───── Provided material ─────
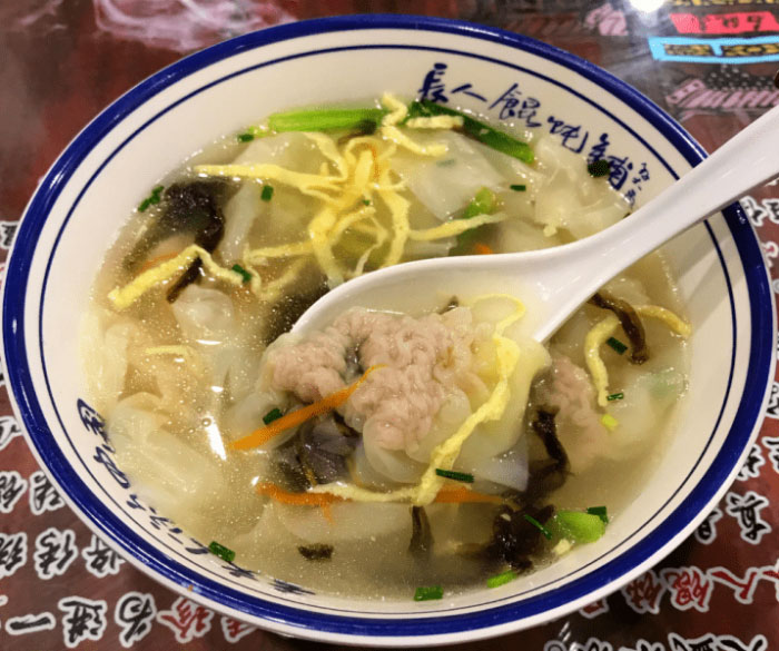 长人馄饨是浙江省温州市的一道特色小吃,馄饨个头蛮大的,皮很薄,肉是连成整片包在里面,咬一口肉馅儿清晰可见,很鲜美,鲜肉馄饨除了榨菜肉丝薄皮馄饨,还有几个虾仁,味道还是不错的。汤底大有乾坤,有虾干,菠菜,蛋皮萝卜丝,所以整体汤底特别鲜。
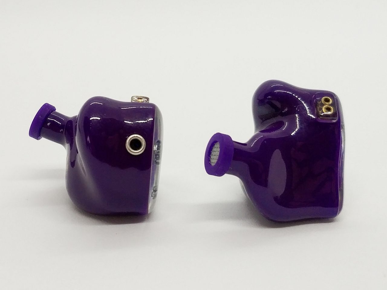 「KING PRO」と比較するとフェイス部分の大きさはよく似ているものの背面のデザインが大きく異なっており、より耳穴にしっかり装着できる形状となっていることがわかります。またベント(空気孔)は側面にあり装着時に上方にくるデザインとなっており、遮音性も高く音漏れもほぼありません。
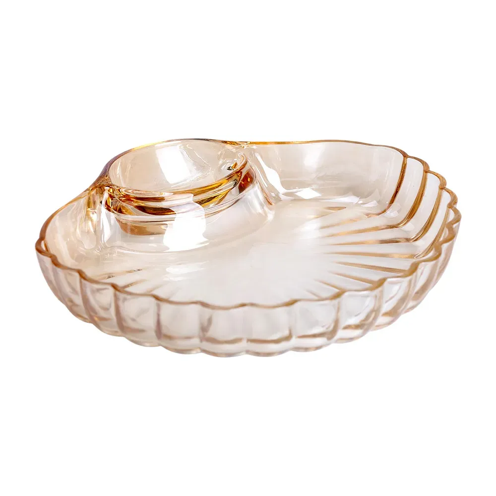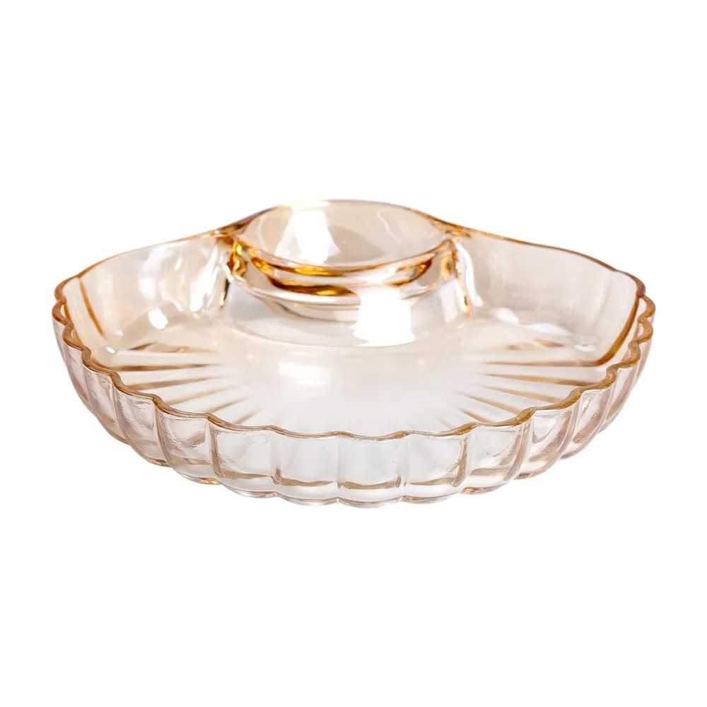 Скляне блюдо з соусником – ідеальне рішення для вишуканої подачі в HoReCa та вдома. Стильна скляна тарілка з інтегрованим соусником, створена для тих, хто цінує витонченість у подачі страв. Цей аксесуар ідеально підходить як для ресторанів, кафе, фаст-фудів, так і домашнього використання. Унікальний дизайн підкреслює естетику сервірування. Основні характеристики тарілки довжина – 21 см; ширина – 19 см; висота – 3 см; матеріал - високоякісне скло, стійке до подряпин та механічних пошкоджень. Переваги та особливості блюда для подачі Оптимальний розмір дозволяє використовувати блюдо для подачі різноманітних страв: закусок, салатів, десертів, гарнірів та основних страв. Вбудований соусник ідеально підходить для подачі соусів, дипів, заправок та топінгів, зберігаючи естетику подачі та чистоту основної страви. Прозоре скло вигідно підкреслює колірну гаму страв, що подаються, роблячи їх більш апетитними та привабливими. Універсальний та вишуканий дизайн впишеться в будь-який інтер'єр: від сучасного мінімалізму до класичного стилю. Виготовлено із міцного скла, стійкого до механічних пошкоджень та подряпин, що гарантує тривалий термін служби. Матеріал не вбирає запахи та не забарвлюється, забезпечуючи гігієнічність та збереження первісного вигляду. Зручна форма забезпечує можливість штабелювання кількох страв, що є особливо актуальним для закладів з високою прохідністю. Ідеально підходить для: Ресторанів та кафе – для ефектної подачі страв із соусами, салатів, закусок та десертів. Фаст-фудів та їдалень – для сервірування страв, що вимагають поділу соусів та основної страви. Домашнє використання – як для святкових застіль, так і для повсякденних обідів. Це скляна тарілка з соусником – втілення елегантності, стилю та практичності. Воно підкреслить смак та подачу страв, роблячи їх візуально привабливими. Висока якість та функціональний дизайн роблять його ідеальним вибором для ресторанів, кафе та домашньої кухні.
─────
▸ **Task to complete**: From the first line to the last, copy the listing above exactly and leave out the images.

▸ **Solved exercise**:
 长人馄饨是浙江省温州市的一道特色小吃,馄饨个头蛮大的,皮很薄,肉是连成整片包在里面,咬一口肉馅儿清晰可见,很鲜美,鲜肉馄饨除了榨菜肉丝薄皮馄饨,还有几个虾仁,味道还是不错的。汤底大有乾坤,有虾干,菠菜,蛋皮萝卜丝,所以整体汤底特别鲜。
 「KING PRO」と比較するとフェイス部分の大きさはよく似ているものの背面のデザインが大きく異なっており、より耳穴にしっかり装着できる形状となっていることがわかります。またベント(空気孔)は側面にあり装着時に上方にくるデザインとなっており、遮音性も高く音漏れもほぼありません。
 Скляне блюдо з соусником – ідеальне рішення для вишуканої подачі в HoReCa та вдома. Стильна скляна тарілка з інтегрованим соусником, створена для тих, хто цінує витонченість у подачі страв. Цей аксесуар ідеально підходить як для ресторанів, кафе, фаст-фудів, так і домашнього використання. Унікальний дизайн підкреслює естетику сервірування. Основні характеристики тарілки довжина – 21 см; ширина – 19 см; висота – 3 см; матеріал - високоякісне скло, стійке до подряпин та механічних пошкоджень. Переваги та особливості блюда для подачі Оптимальний розмір дозволяє використовувати блюдо для подачі різноманітних страв: закусок, салатів, десертів, гарнірів та основних страв. Вбудований соусник ідеально підходить для подачі соусів, дипів, заправок та топінгів, зберігаючи естетику подачі та чистоту основної страви. Прозоре скло вигідно підкреслює колірну гаму страв, що подаються, роблячи їх більш апетитними та привабливими. Універсальний та вишуканий дизайн впишеться в будь-який інтер'єр: від сучасного мінімалізму до класичного стилю. Виготовлено із міцного скла, стійкого до механічних пошкоджень та подряпин, що гарантує тривалий термін служби. Матеріал не вбирає запахи та не забарвлюється, забезпечуючи гігієнічність та збереження первісного вигляду. Зручна форма забезпечує можливість штабелювання кількох страв, що є особливо актуальним для закладів з високою прохідністю. Ідеально підходить для: Ресторанів та кафе – для ефектної подачі страв із соусами, салатів, закусок та десертів. Фаст-фудів та їдалень – для сервірування страв, що вимагають поділу соусів та основної страви. Домашнє використання – як для святкових застіль, так і для повсякденних обідів. Це скляна тарілка з соусником – втілення елегантності, стилю та практичності. Воно підкреслить смак та подачу страв, роблячи їх візуально привабливими. Висока якість та функціональний дизайн роблять його ідеальним вибором для ресторанів, кафе та домашньої кухні.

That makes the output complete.